Records for the task
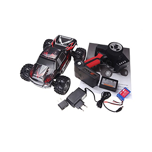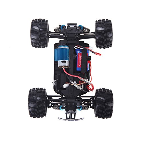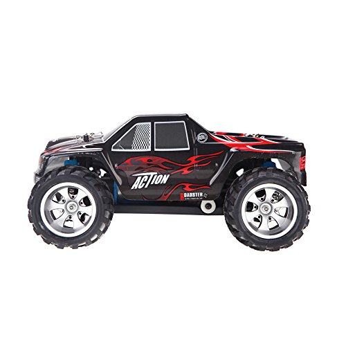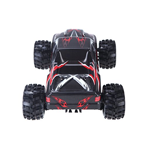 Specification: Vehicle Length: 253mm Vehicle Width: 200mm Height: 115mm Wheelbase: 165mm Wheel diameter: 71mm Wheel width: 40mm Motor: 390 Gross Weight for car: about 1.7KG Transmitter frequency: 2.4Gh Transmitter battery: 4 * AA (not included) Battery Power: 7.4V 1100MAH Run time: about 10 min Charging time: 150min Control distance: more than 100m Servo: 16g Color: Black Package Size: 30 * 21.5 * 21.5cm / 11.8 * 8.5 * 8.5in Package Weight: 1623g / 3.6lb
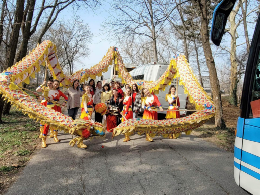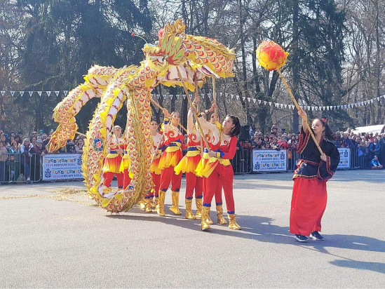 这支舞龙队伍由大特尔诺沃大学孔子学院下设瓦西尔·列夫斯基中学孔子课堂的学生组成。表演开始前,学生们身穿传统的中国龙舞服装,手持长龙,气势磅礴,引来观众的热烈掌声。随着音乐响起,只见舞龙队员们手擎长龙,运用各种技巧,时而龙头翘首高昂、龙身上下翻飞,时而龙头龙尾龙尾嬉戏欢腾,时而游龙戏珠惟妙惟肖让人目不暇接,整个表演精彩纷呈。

--

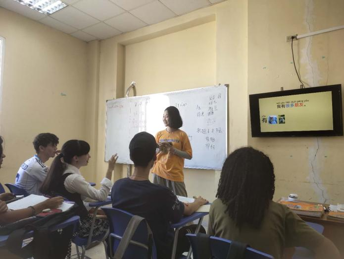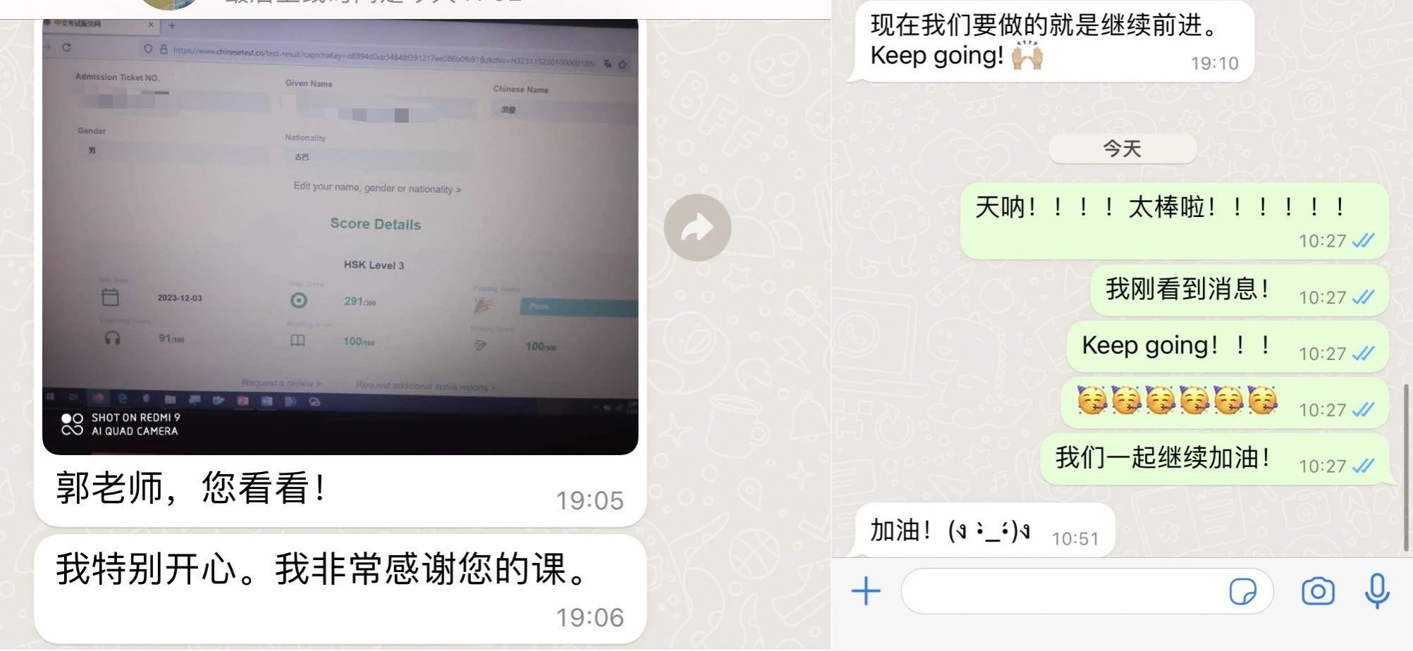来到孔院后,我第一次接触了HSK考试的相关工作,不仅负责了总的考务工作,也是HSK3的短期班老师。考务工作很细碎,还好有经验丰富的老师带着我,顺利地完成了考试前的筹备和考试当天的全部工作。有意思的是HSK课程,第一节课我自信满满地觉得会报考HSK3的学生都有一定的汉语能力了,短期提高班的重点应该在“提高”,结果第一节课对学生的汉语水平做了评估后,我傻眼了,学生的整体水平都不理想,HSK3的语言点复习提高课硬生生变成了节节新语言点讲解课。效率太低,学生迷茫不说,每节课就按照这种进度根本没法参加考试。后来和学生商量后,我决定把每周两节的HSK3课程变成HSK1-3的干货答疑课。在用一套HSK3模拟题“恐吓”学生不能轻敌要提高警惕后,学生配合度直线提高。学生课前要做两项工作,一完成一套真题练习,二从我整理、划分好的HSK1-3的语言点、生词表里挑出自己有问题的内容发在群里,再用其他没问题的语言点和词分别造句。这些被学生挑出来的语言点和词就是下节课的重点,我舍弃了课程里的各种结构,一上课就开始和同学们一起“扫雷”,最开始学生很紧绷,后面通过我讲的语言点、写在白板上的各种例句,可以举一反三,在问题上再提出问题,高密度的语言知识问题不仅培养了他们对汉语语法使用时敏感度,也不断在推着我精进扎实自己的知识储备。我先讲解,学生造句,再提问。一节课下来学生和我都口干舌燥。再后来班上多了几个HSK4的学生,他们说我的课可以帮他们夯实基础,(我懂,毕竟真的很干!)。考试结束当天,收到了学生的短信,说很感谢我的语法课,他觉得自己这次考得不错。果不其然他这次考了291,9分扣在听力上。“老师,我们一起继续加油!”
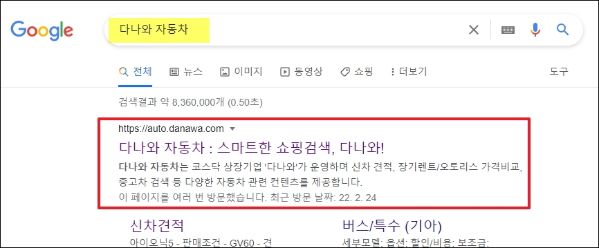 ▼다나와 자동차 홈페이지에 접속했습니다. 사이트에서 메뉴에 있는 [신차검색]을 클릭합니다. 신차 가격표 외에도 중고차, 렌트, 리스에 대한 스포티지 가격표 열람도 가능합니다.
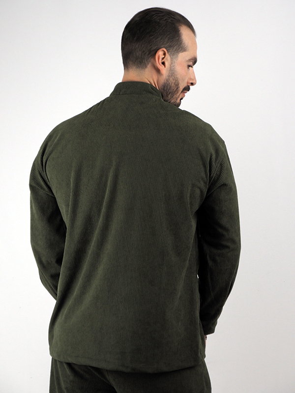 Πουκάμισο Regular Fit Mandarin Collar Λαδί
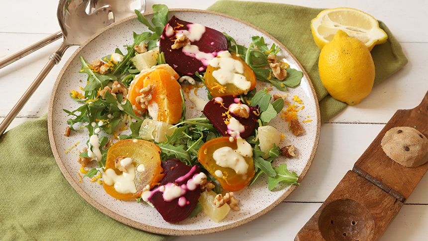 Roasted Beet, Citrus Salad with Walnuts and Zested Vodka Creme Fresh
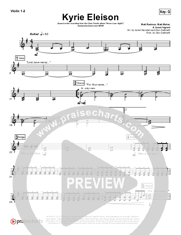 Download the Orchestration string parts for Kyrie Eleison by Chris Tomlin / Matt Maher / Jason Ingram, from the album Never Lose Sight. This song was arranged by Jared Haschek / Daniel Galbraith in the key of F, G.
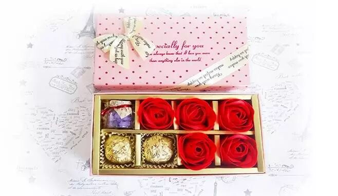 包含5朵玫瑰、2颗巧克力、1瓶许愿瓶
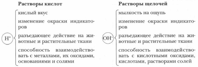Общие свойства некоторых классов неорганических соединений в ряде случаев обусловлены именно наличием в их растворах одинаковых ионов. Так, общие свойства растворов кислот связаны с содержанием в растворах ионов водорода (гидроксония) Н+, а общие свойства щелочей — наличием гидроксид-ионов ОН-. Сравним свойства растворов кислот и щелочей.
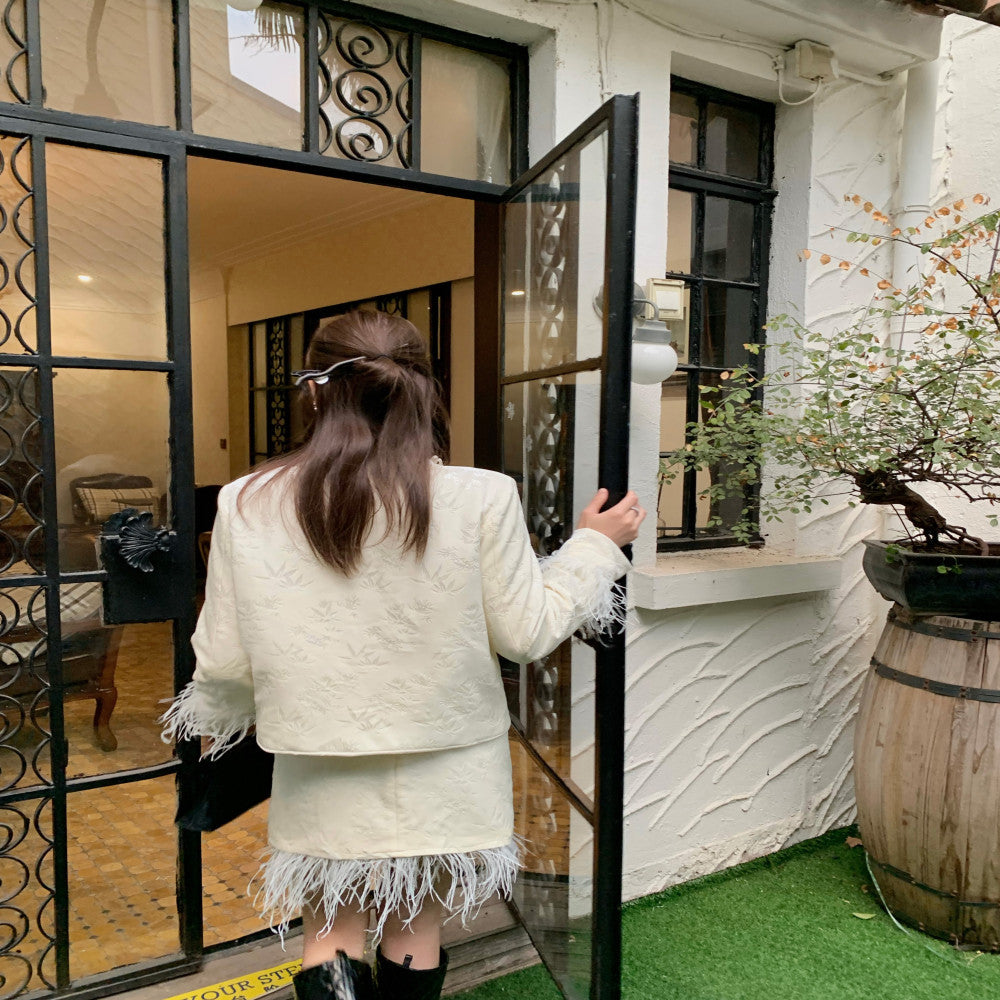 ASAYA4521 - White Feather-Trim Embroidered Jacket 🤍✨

---

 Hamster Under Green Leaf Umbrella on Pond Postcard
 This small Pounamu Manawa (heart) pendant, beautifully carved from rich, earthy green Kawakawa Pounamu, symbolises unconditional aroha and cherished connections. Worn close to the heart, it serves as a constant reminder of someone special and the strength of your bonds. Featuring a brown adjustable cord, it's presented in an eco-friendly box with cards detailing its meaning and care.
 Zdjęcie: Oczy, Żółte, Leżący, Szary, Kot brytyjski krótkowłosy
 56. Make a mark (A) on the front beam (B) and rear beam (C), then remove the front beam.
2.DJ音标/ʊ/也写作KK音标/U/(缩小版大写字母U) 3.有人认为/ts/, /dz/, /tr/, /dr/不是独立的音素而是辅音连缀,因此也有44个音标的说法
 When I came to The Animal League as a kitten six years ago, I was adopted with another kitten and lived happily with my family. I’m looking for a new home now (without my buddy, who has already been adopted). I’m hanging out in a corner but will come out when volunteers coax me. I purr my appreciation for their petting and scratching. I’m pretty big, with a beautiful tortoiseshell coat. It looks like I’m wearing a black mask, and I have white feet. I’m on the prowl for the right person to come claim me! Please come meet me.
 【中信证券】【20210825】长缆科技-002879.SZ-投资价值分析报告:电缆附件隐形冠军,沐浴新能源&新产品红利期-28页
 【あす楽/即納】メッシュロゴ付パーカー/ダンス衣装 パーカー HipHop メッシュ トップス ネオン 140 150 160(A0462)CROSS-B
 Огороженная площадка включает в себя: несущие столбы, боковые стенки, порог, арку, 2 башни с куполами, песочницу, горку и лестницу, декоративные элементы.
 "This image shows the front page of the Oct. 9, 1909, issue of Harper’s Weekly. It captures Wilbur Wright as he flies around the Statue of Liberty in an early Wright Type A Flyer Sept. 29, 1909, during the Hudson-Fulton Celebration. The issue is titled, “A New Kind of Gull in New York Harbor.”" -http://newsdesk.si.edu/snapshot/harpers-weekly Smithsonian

Try it
The material above holds pictures; leave them out. Repeat exactly the lines from the one containing "Общие свойства некоторых" through the one containing "ASAYA4521 - White", and nothing else.

Output for this task
Общие свойства некоторых классов неорганических соединений в ряде случаев обусловлены именно наличием в их растворах одинаковых ионов. Так, общие свойства растворов кислот связаны с содержанием в растворах ионов водорода (гидроксония) Н+, а общие свойства щелочей — наличием гидроксид-ионов ОН-. Сравним свойства растворов кислот и щелочей.
 ASAYA4521 - White Feather-Trim Embroidered Jacket 🤍✨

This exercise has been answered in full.